Wells Fargo (WFC  ) seems to be cleaning up its act after the announcement of fake bank accounts made.

On Tuesday, March 7th, Wells Fargo, an American bank headquartered in California, released that they are firing executive managers across regional branches. This comes in light of the news scandal. Back in September 2016, Wells Fargo had announced that about 2 million fake accounts were made by Wells Fargo employees. This caused a rift in the consumer relationship of Wells Fargo customers. Unknowingly strapped to a fake account, customers would be charged with overdraft fees for their original accounts because of the money stolen from it. Wells Fargo employees transferred funds from existing accounts into these new ones, costing customers hundreds of thousands dollars while making Wells Fargo reach its annual sale targets. Interestingly, the suspicious practice has been occurring since 2011. The severity of the practice is troubling as much enthralling. But what is the true source of the desire for sales bonuses?

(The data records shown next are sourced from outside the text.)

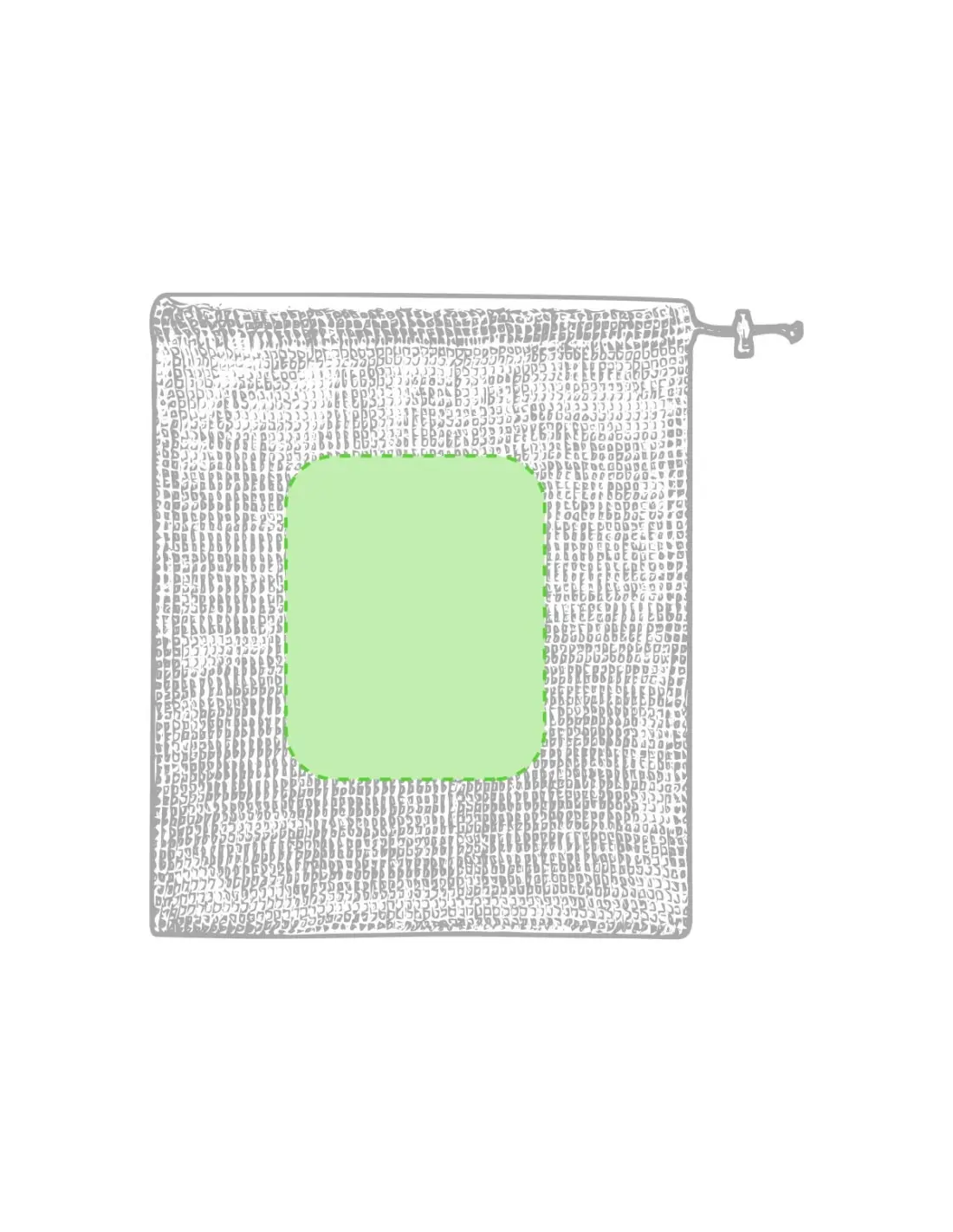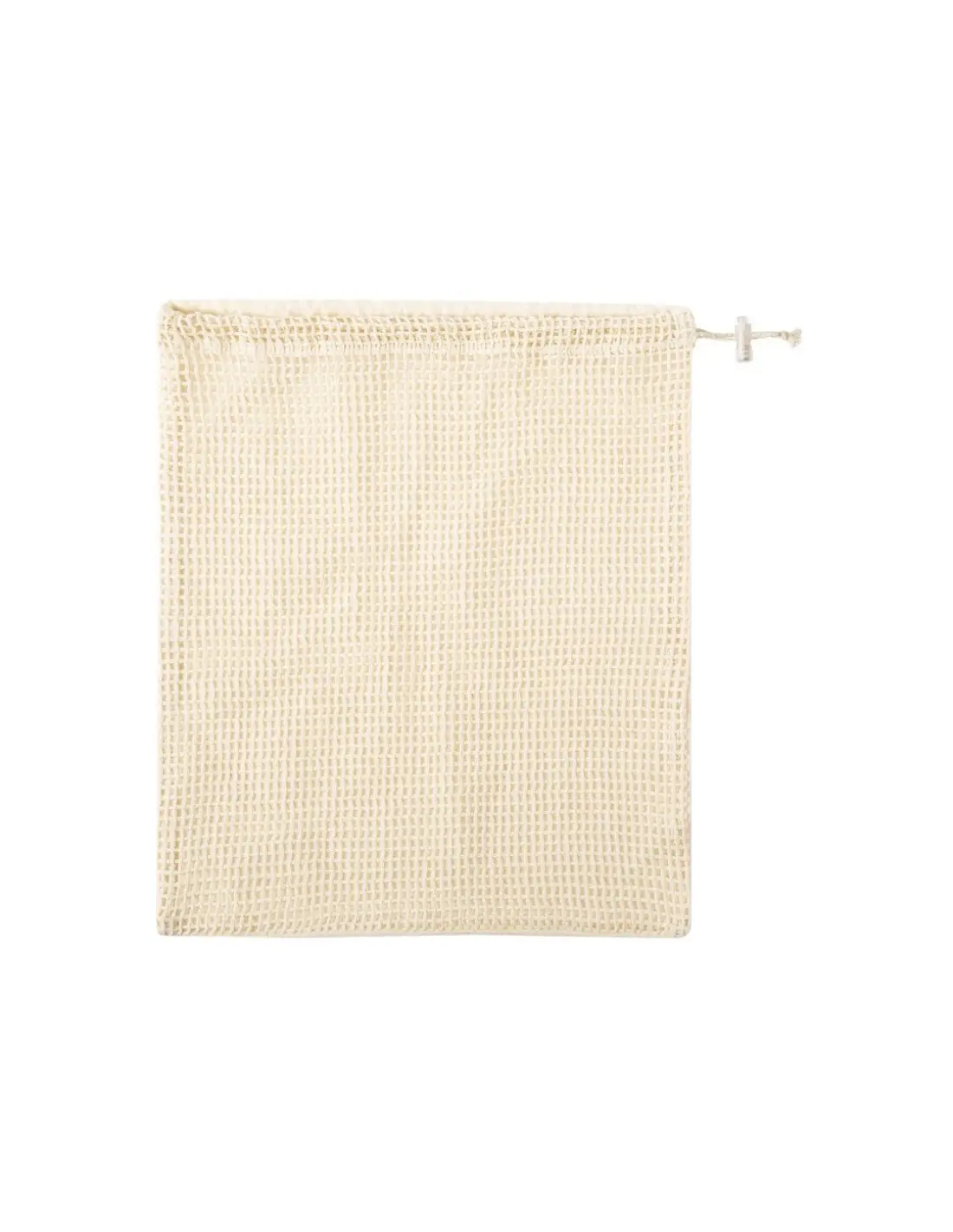 Bolsa de redecilla de línea nature en algodón crudo de 120g/m2, con una cara lisa para impresión. Cierre de cordón con accesorio de ajuste.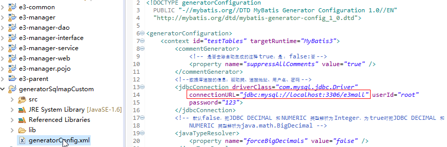 在e3-manager-dao工程的pom文件中添加如下内容: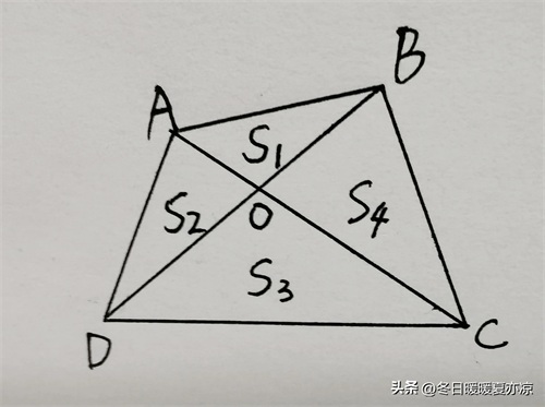三角形ABO与三角形AOD的高一样,所以面积之比就是底之比,同理三角形BOC和三角形COD的面积之比也是底之比,即S1:S2=OB:OD,S4:S3=OB:OD,所以S1:S2=S4:S3,也即是S1×S3=S2×S4。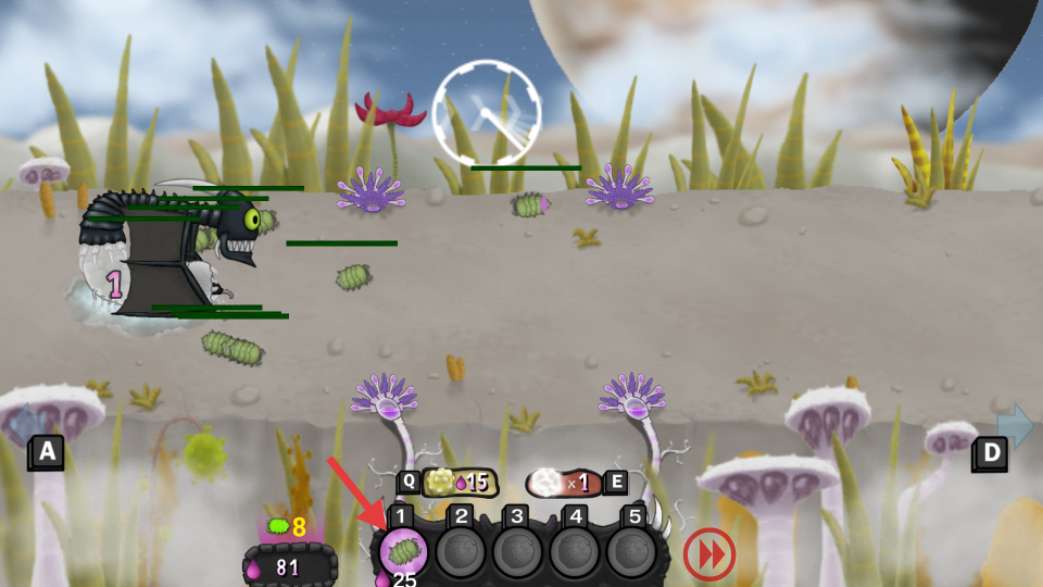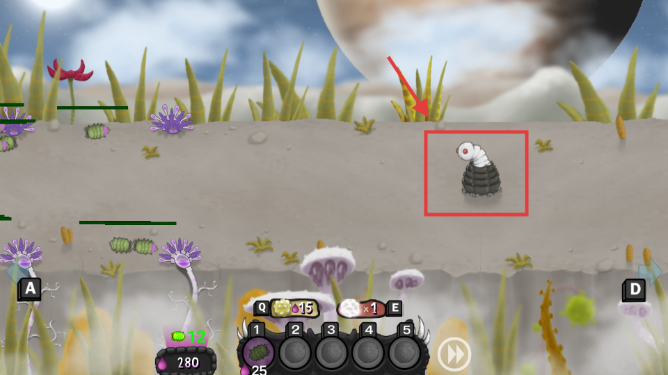 3、点击下方带有绿色虫卵图标的按键,释放虫卵类单位参与战斗。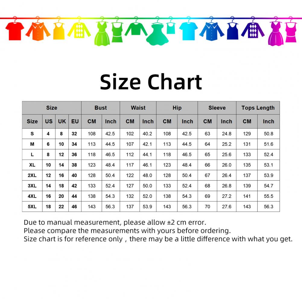 Размер: 5XL, Длина спины: 143 см/56,3 ", обхват груди: 143 см/56,3", обхват талии: 137 см/53,9 ", обхват бедер: 143 см/56,3", рукав: 70 см/27,6 "(прибл.)

The answer is not surprising at all. The desire to meet sales quotas comes from the excruciating pressure placed upon Wells Fargo employees. Due to the quotas set on individual employees, the same employees would attempt to create more accounts to indicate the increase in sales. These fake accounts led to a trail of suspicious hints, such as fake PIN password numbers and fabricated email addresses. U.S Senator Elizabeth Warren commented on the terrible business practices under the former Wells Fargo CEO John Stumpf, stating that he "squeezed [his] employees to the breaking point so they would cheat customers and [he] could drive up the value of...stock and put hundreds of millions of dollars in [his] own pocket." She continued to expose the injustice of the practice in a direct statement to John Stumpf, with the scathing words, "And when it all blew up, you kept your job, you kept your multi-multi-million-dollar bonuses, and you went on television to blame thousands of $12-an-hour employees who were just trying to meet a cross-sell quota that made you rich."

 

John Stumpf, the Wells Fargo CEO of 34 years, retired swiftly in October 2016 after being questioned about the counterfeit accounts. 

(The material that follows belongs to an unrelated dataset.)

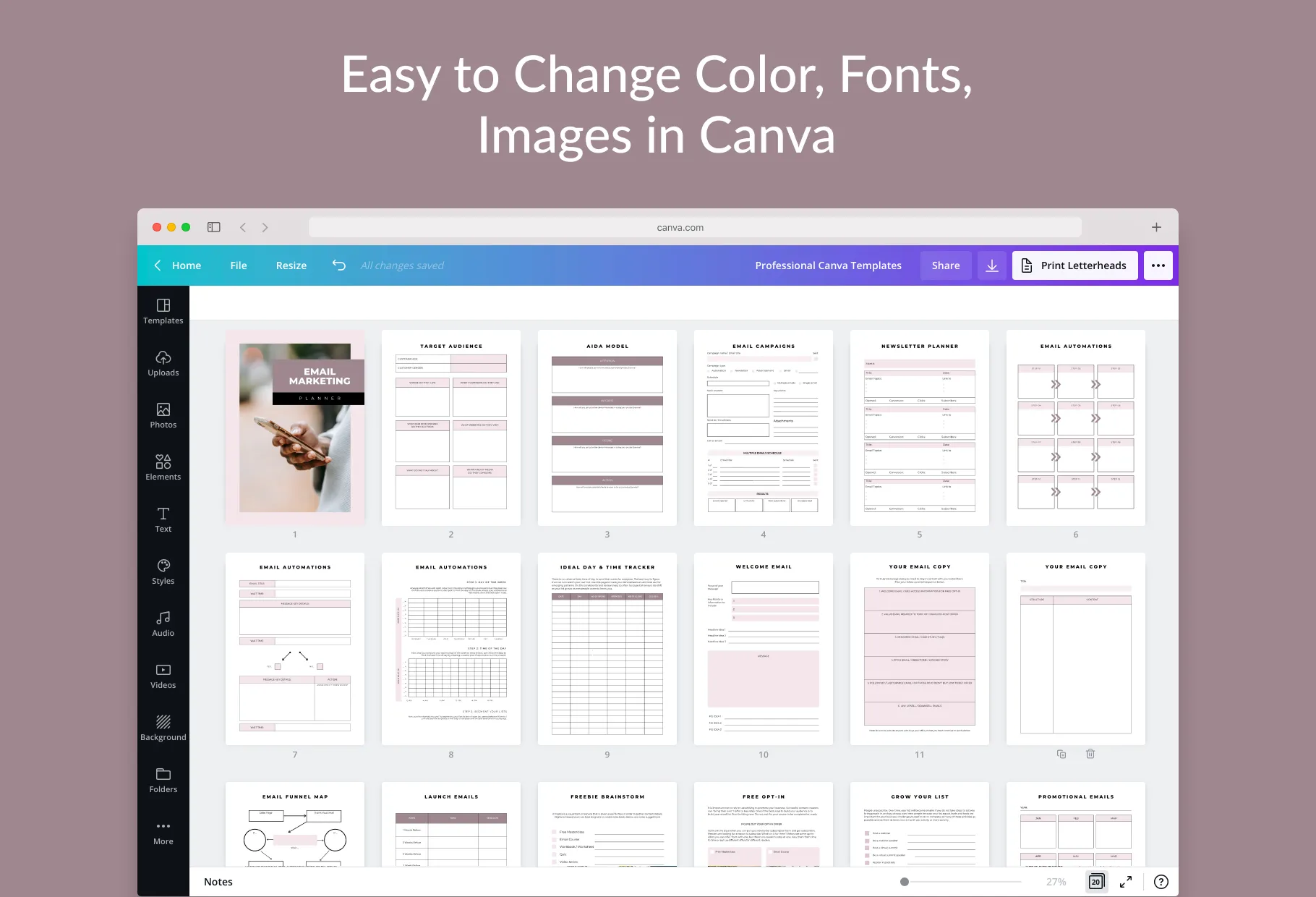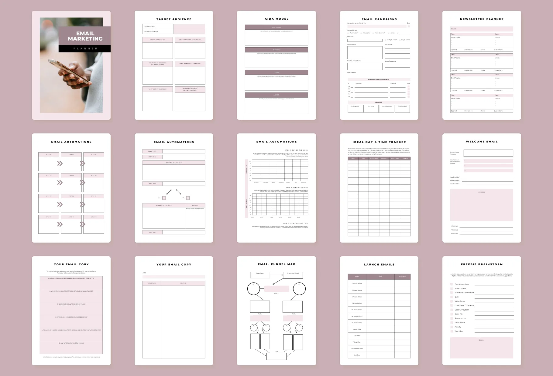 Ever feel like you're shooting in the dark when it comes to your email marketing? Like there's no strategy behind your campaigns, and you're just hoping something sticks? That used to be me until I developed my Email Marketing Planner Canva Template. This Planner is designed to address the pain of disorganized email marketing. Instead of spending hours figuring out what to send, when to send it, and to whom, all of that information is at your fingertips. My Planner turns the complexity of email marketing into a manageable task. With pages like the Target Audience and AIDA Model, you'll have a clear roadmap to success. And it's not just a plan—it's a way to monitor your progress, too. You can track your most productive days and times, your revenue, and even the effectiveness of your welcome emails and freebies. Here's what you'll get: - Agony-free email campaign planning - Clear communication with your subscribers - Data-driven results - Increase in profitability - Effective scheduling and organization This planner isn't for everyone. It's for you if you're: - A small business owner or solopreneur - An online course creator - A social media manager - A digital marketer - A blogger - An e-commerce store owner In essence, it's for anyone who wants to streamline their email marketing efforts and get better results. So, let's put an end to the disorganization and lack of strategy. With my Email Marketing Planner Canva Template, you can create a clear, effective, data-driven email marketing strategy. Don't wait for success to find you. With this planner, you'll go out and find it yourself. To get started, all you need to do is download the template and start organizing your email marketing. The benefits of using this planner will be apparent from the very first use. So, are you ready to level up your email marketing game? Download my Email Marketing Planner Canva Template now! Here's a list of some of the pages included in my template: - Target Audience - AIDA Model - Email Campaigns - Newsletter Planner - Email Automations - Ideal Day And Time Tracker - Welcome Email - Your Email Copy - Email Funnel Copy - Launch Emails - Freebie Brainstorms - Free Opt-In - Grow Your List - Promotional Emails - Revenue Tracker - Promo Asset Sheet - Promo Planning Sheet - Profitability Tracker - Weekly Email Schedule - Re-Engage Subscribers - Task Charts - To Do List - Checklist - Daily Planner - Weekly Planner - Two Weekly Planner - Email Funnel Map - Others.

It now makes sense for Wells Fargo to let go of executive managers due to the public disapproval of the dishonorable sales practices. Prior to the firing of the senior members of the bank, Wells Fargo had let go of about 5,300 employees over a five year period. Now, the new Wells Fargo senior executive Vice President Mary Mack is committed to rebuilding Wells Fargo from the bottom up, with a goal of fostering both the internal employee and external customer relationships. Mack confidently stated that they "have many steps to rebuild trust with customers and team members, but we have more work to do in our journey." Mack has delivered on her promise indeed, by restructuring the management core of Wells Fargo retail banks across the country. Recently, she's divided the Wells Fargo bank operative into two divisions under Lisa Stevens and Michelle Lee. 

But what does the future hold for the 164-year old bank? Following the scandal, Wells Fargo stock decreased dramatically. For now, it seems that Wells Fargo is making a slow stock increase along with the removal of crucial employees and the reassignment of the new Wells Fargo CEO, Timothy Sloan. But with the Mack's division of the retail bank operative, the return of Wells Fargo as a strong bank is a questionable future that only time will resolve.